[Opening Working data section]

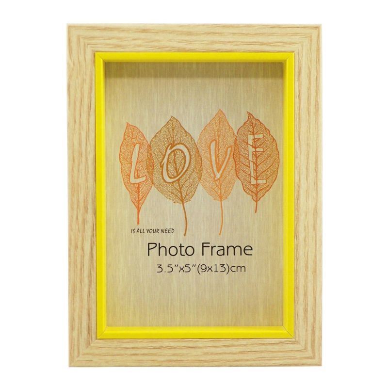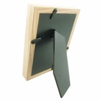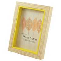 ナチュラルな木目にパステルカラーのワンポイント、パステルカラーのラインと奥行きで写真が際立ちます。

[Closing Working data section]
[Opening Working data section]

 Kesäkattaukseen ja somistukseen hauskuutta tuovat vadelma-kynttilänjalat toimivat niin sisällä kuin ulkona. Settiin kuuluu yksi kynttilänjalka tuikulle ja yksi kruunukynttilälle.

[Closing Working data section]
[Opening Working data section]

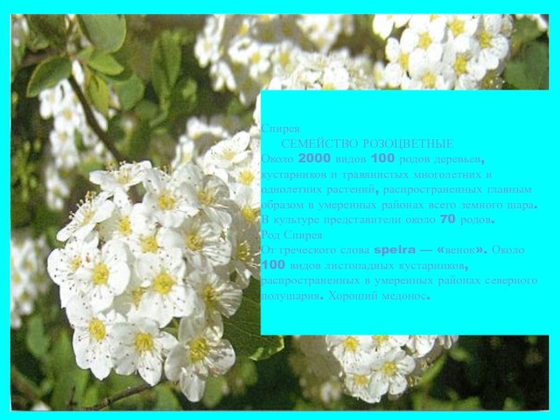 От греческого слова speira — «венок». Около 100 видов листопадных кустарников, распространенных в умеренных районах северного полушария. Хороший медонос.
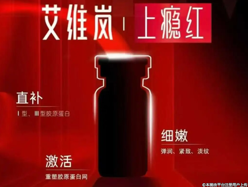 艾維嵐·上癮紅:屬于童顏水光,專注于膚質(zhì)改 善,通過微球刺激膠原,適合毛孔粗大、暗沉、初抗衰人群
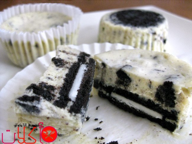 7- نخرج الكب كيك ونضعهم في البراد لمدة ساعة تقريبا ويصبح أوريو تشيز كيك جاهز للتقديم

[Closing Working data section]

__Task brief__
When you reach the line that has "От греческого слова" in the data above, start repeating lines exactly, and stop after the line that has "7- نخرج الكب"; pictures stay out.

__The completed task__
 От греческого слова speira — «венок». Около 100 видов листопадных кустарников, распространенных в умеренных районах северного полушария. Хороший медонос.
 艾維嵐·上癮紅:屬于童顏水光,專注于膚質(zhì)改 善,通過微球刺激膠原,適合毛孔粗大、暗沉、初抗衰人群
 7- نخرج الكب كيك ونضعهم في البراد لمدة ساعة تقريبا ويصبح أوريو تشيز كيك جاهز للتقديم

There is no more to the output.